The task
Find the line that holds "트리의 모든 노드가 한 쪽(왼쪽, 오른쪽)으로만 자식을 가지는 이진 트리", then repeat it and each line below it word for word through the end of the listing, leaving out pictures.

Data block
_ _ _ _ _ _ _

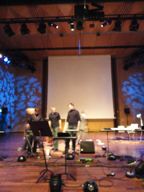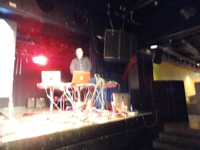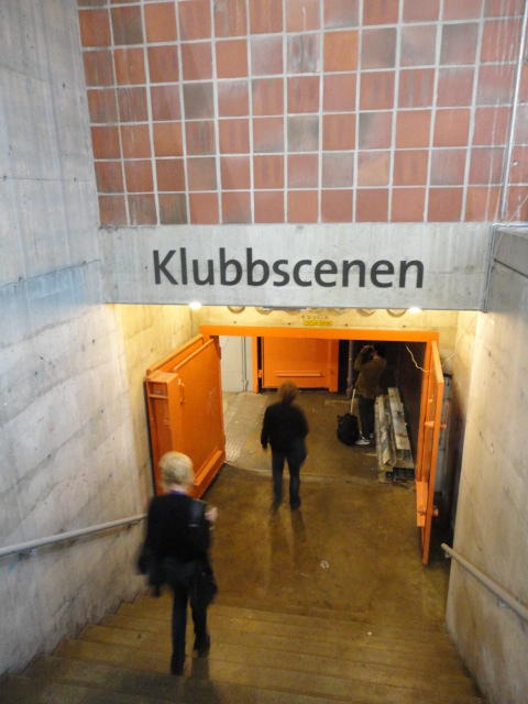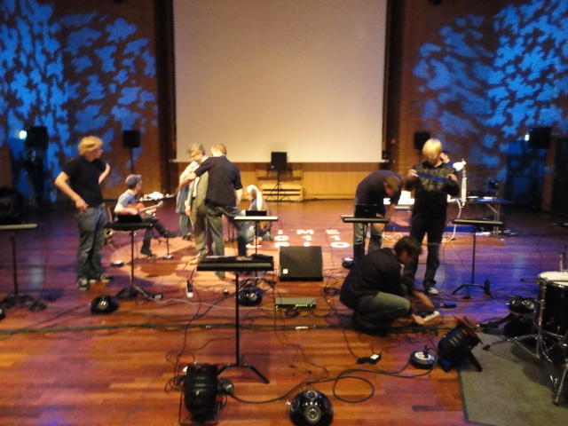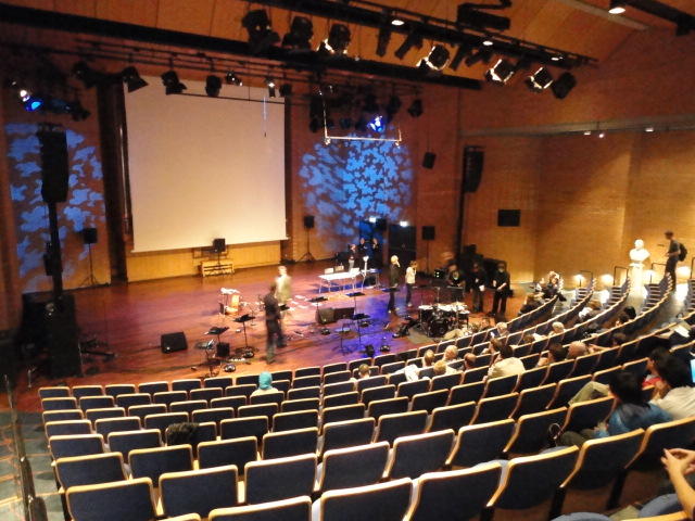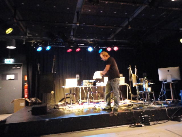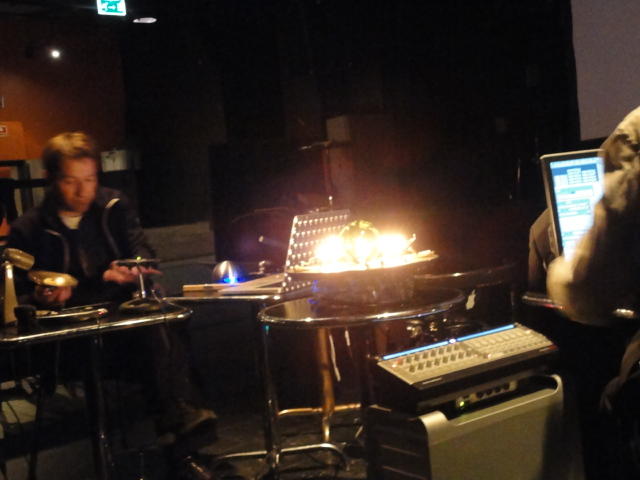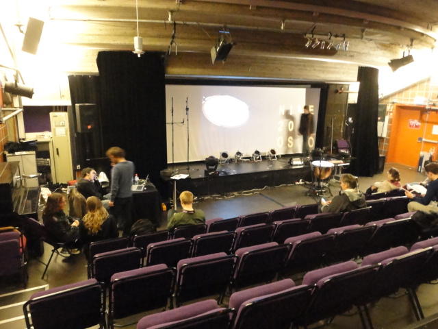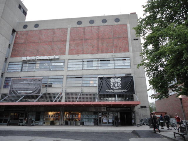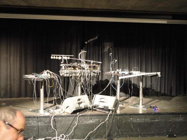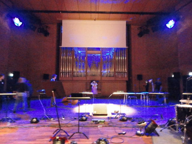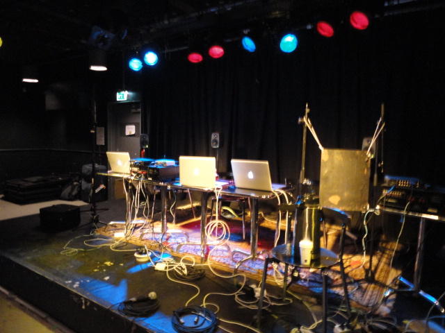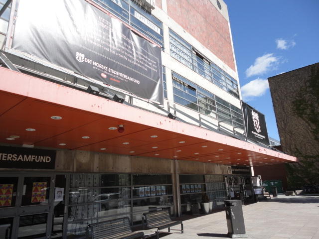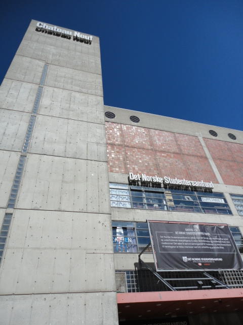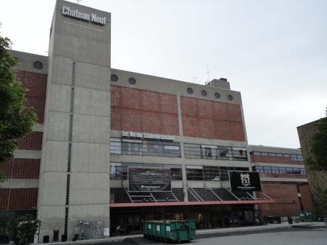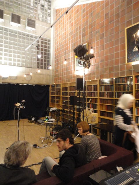 Chateau Neufというのはオスロ大学のStudent House(学生会館?)で、中にはサークル関係、 パブなどがあり、ホール、ライブスペースなども多数ありました。 過去にはセックスピストルズのライヴとかもあった名門らしいです。 ここでセンサをセッティングして(2回生には講義の中で見せましたよね?)、 リハを無事に済ませました。 テンションを残しておくために、サウンドチェックの後では、通しリハをたった1度だけです。 リハを終えると、再びキャンパス内を図書館に戻り、ランチブレークに入っていたので、カフェで休憩しました。
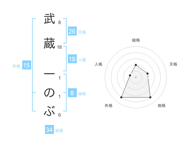 武蔵 一のぶさんを姓名の画数から五運を鑑定
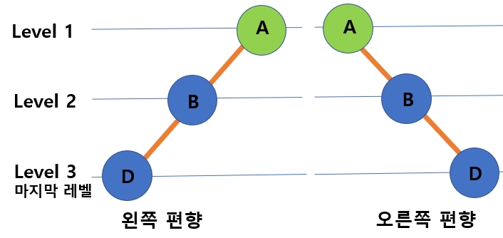 트리의 모든 노드가 한 쪽(왼쪽, 오른쪽)으로만 자식을 가지는 이진 트리
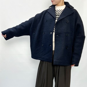 ドルマンPコート型でゆったりとしたシルエットがトラッド感があり、コクーンシルエットが落ちることなく決まるデザインになります。

_ _ _ _ _ _ _

Solution for this task
 트리의 모든 노드가 한 쪽(왼쪽, 오른쪽)으로만 자식을 가지는 이진 트리
 ドルマンPコート型でゆったりとしたシルエットがトラッド感があり、コクーンシルエットが落ちることなく決まるデザインになります。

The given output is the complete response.